Good lookikn fatty doc!


----------



## okie joe (Sep 27, 2008)

No, it is hard for me to eat blackpepper..lol she .... dont do hot....all i got to say is enjoy...looks good Man.


----------



## curious aardvark (Sep 27, 2008)

what's a char jap ?
wicked looking/sounding fatty. 
don't think i'd want to eat it lol


----------



## motorhedd (Sep 27, 2008)

Phreak you are a twisted individual....that'll wake em up!!!!
	

	
	
		
		



		
			






PS ya forgot the habenero... ;)


----------



## curious aardvark (Sep 27, 2008)

someone brought me back some hot sauce from somewhere (at my age memeory goes on yer). 
It was called - Dave's insanity sauce. 
And it was just pointless. The merest touch on your tongue and you lost all taste sensation for several hours.

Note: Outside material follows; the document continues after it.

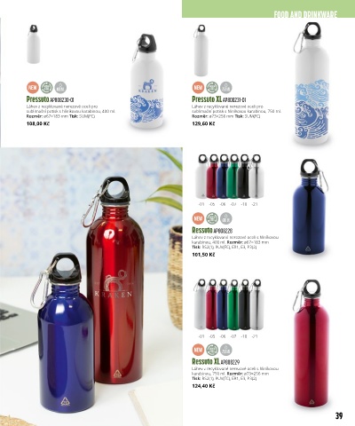 sublimační potisk s hliníkovou karabinou, 400 ml. sublimační potisk s hliníkovou karabinou, 750 ml.
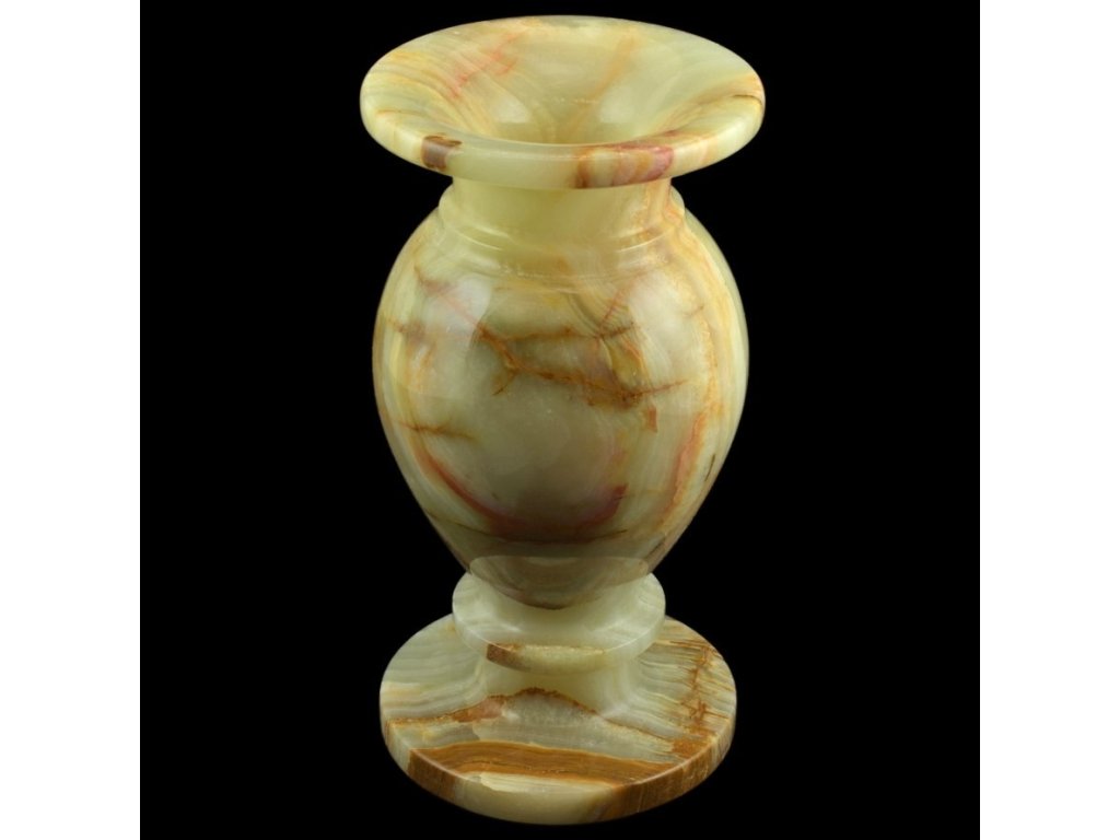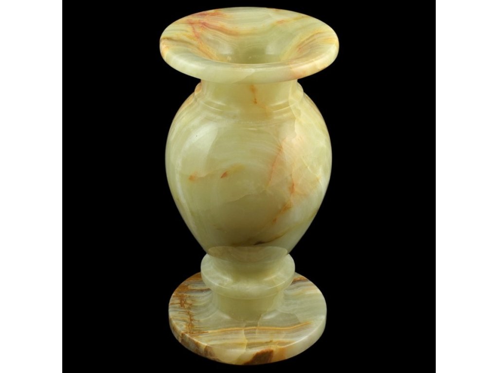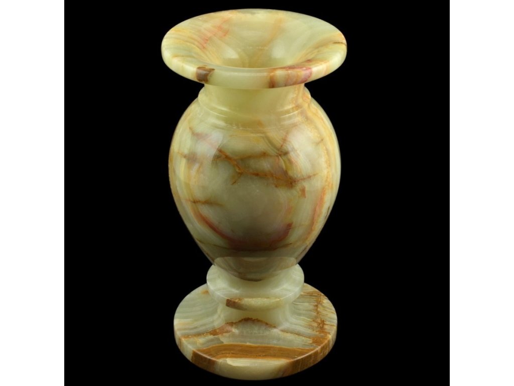 Dekorativní váza je vyrobena v Pákistánu z kvalitního aragonit-onyxového mramoru (onyx marble). Každý kus je pečlivě vyleštěn, aby vynikla přirozená kresba kamene a jeho jemný lesk.

The only use for it I ever found was when friends said: 'I like hot food' and I could say: 'taste this'. And watch their eyes bug out and their face turn red. 

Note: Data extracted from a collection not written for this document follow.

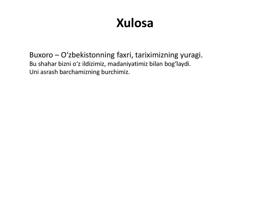 XulosaBuxoro – O‘zbekistonning faxri, tariximizning yuragi.
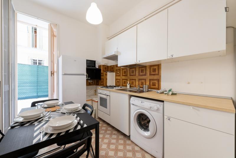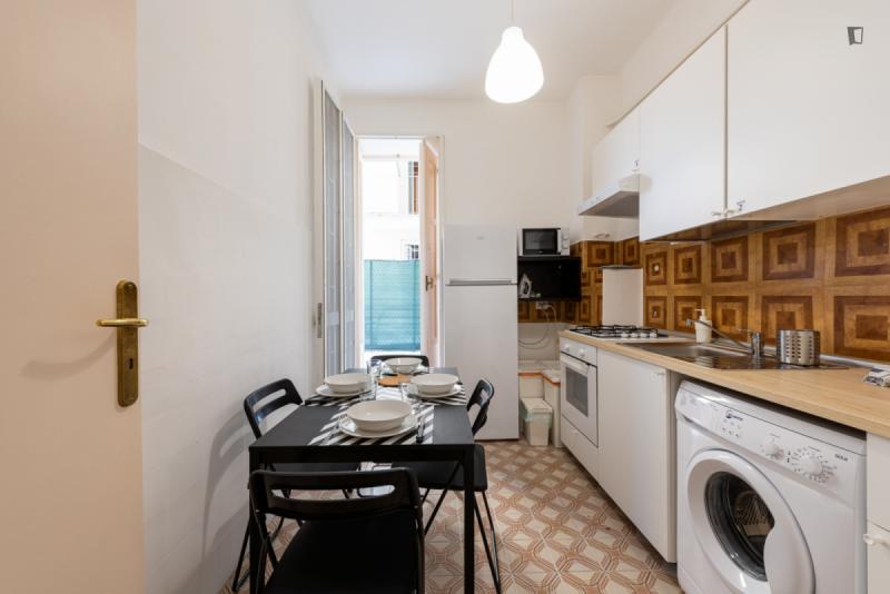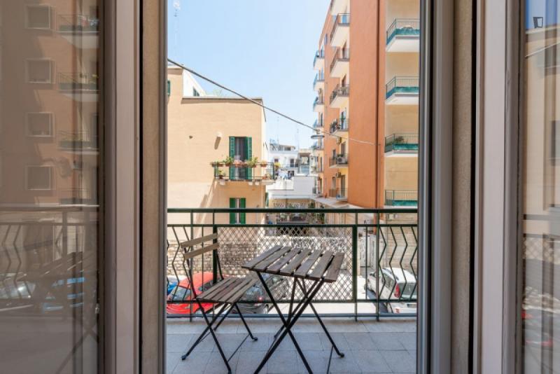 Large and bright room with private balcony in a comfortable shared apartment. The kitchen leads to a small terrace. If you want to enjoy a great stay in Bari in a comfortable apartment, it will make you room is located in an apartment of 4 room, 1 complete bathroom, one small with shower and wate and a toilet, a kitchen with fridge, microwave and washing machine and a relax area with comfortable sofa and TV. From the kitchen and the relax area you have access to the small terrace. The price includes condominium fees, wifi internet and an hour of cleaning per week in the common areas. RENTAL CONDITIONS: 1 Monthly rent: 380 which includes internet WiFi, condominium fee and heating must be given by the 5th of the every month. 2 Security deposit: 500,00 which will be refunded only one time. 3 Administrative Cost: starting from 300,00 only one time it includes: -Italian contract registration fee at the “Revenue Agency” to validate it by law starting from 65.50 euros -Documentation necessary to validate the contract like OFFICIAL FISCAL CODE -Weekly cleaning in common areas -Waste disposal fee -Italian TV rate -Final cleaning of the room -Routine maintenance and assistance. EXTRA COSTS: – Public services water, electricity and gas are for consumption NO HIDDEN COST! To consult values please contact us, we will be happy to help you : Located on the first floor, the apartment consists of 4 rooms totally furnished in order to cope wioth any costumer need, a fully equipped kitchen which represents a perfect place for sharing meals at the end of the day, a large terrace connected to the kitchen and two bathroom plus a toilet. A relax area is provided with a comfortable sofa and a television. It represents a great opportunity if you want to experience something out of the ordinary in Bari in a safe and high quality apartment. We are always present to support you at any time of need. RENTAL CONDITIONS: 1 Monthly rent: Depending on the room chosen which includes internet WiFi and condominium fee must be given by the 5th of the every month. 2 Security deposit: 500,00 which will be refunded only one time. 3 Administrative Cost: starting from 300,00 only one time it includes: -Italian contract registration fee at the “Revenue Agency” to validate it by law starting from 65.50 euros -Documentation necessary to validate the contract like OFFICIAL FISCAL CODE -Weekly cleaning in common areas -Waste disposal fee -Italian TV rate -Final cleaning of the room -Routine maintenance and assistance. EXTRA COSTS: – Public services water, electricity and gas are for consumption NO HIDDEN COST! To consult values please contact us, we will be happy to help you : The apartment is located in the “Madonnella” neighborhood is close to the sea and next to the city center. It is a very nice and popular neighborhood for young people and families. In Bari it is undoubtedly the most peaceful, livable, economical and multi-ethnic area. It is a district particularly rich of services and shops A few minutes away from the Bari Sud-Est train station that connects to the Central Station of Bari 2 minutes approximately. In addition to that a few meters away from the Lungomare Nazario Sauro and Corso Sidney Sonnino, there are several bus line. A few meters away you will find the Esedra cinema, the Palazzo theater, the Giaquinto Provincial Art Gallery, the Church of San Giuseppe 1930, the “Pane e pomodoro” beach, the Carabinieri barracks and above all the intense blue of our sea.
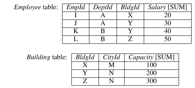 SELECT CityId, SUM(Salary) AS Salary, SUM(Capacity) AS Capacity FROM (SELECT BldgId, SUM(Salary) AS Salary FROM Employee GROUP BY BldgId) LEFT JOIN Building USING (BldgId) GROUP BY CityId;
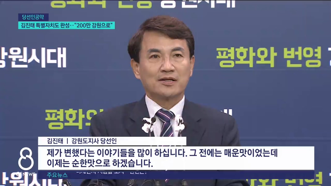 먼저 첫 순서로 도민들로부터 첫 강원특별자치도지사로 선택받은 김진태 당선인입니다.
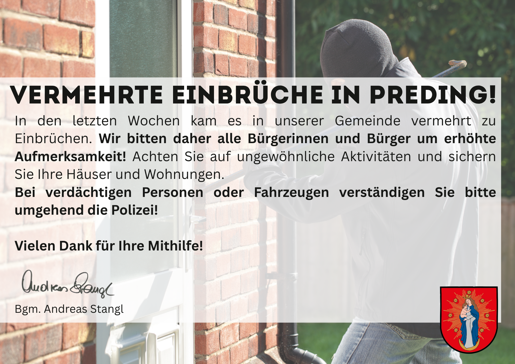 Achtung! Vermehrte Einbrüche in Preding!
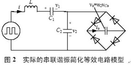 高频升压变压器和高压整流二极管的分布电容对充电电流的工作状态影响较大,是不能被忽略的。变压器的分布电容较为复杂,在高频高压升压变压器中,为减小变压器体积和漏感,通常采用导磁率较高的铁芯,如超微晶合金材料,变压器原边匝数较少;为减少变压器原副边耦合,通常设有屏蔽绕组;从而可以忽略原边分布电容、原、副边分布电容的影响。变压器的激磁电抗较大,其影响也可以忽略。于是实际的串联谐振电容器充电电路可等效于图2 所示电路??梢钥闯觯导实缏繁涑闪艘桓龃⒘痴癯涞绲缏?。
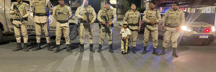 Policiais militares participam de festa de aniversário de uma criança em Cajazeiras
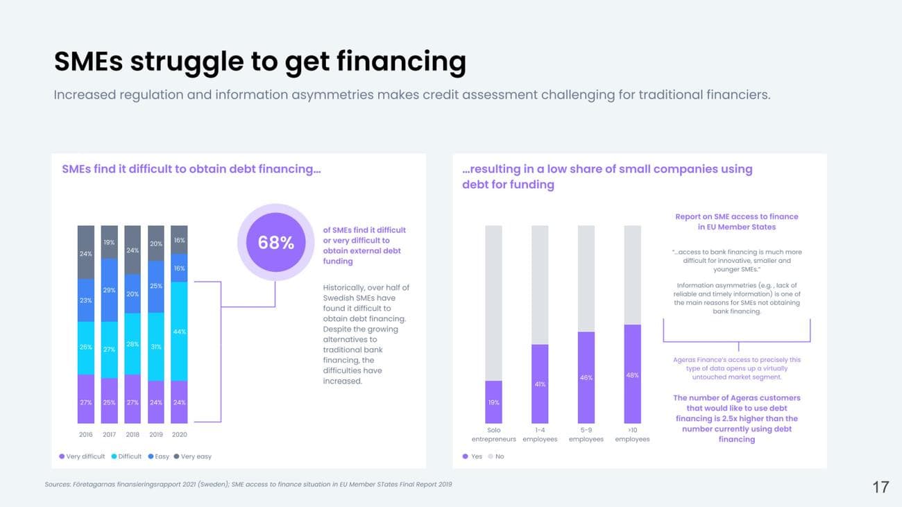 Ουσιαστικά, ο Ageras αξιοποιεί τα δεδομένα του, ώστε να μπορεί να προσφέρει περισσότερα δάνεια σε επιχειρήσεις που αποκαλεί «μεσαίου κινδύνου».
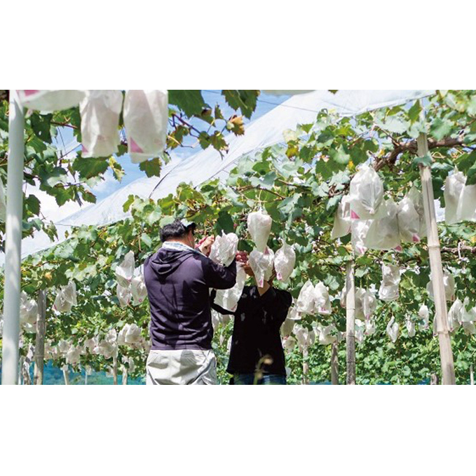 早朝の涼しい時間に収穫することで、ジューシーでハリのあるぶどうになります。

Apart from using it in a pepper spray (which would have been a bit too vicious). It's never been used. 
So if they manage to chow down your hot fatty, let me know and I'll send you the insanity sauce and you can baste the next one in that. Might be an idea to pre-warn the paramedics though :-)


----------



## doctor phreak (Sep 27, 2008)

curious i'll keep that in mind...but personally i don't think they can handle it..i know i could and my bro n law definitly could but guys at work all talk and no walk..no what i mean


----------



## 1894 (Sep 27, 2008)

Hope they enjoy , Looks good , may be a bit much for me with the tobasco sauce added , but I am an admitted wuss for real hot stuff 
	

	
	
		
		



		
		
	


	





Them beans look awesome too 
	

	
	
		
		



		
		
	


	





Can't wait for the finished pics


----------



## smoke freak (Sep 27, 2008)

From one freak to another... Make it hotter... sounds like a crowd that can take it.


----------



## doctor phreak (Sep 27, 2008)

well these are about done ..gotta take them and let them cool before transporting to the company picnic..unfortunaly i wil not be able to take a pic of the fattie cut open but i will tell you about when i get back...thanks for all the encouragement ...


----------



## cowgirl (Sep 27, 2008)

Mmmm Mike! Bet they will love it.


----------



## big game cook (Sep 27, 2008)

i agree. inject it with habenaro sauce too.

looks good. got mine smoking up a storm now too.


----------



## smoke freak (Sep 27, 2008)

On the company picnic thing. Once took a mix of sauteed squash,onions,etc. Few noticed the habeneros... at first. Yeah we gained some rep points that day...


----------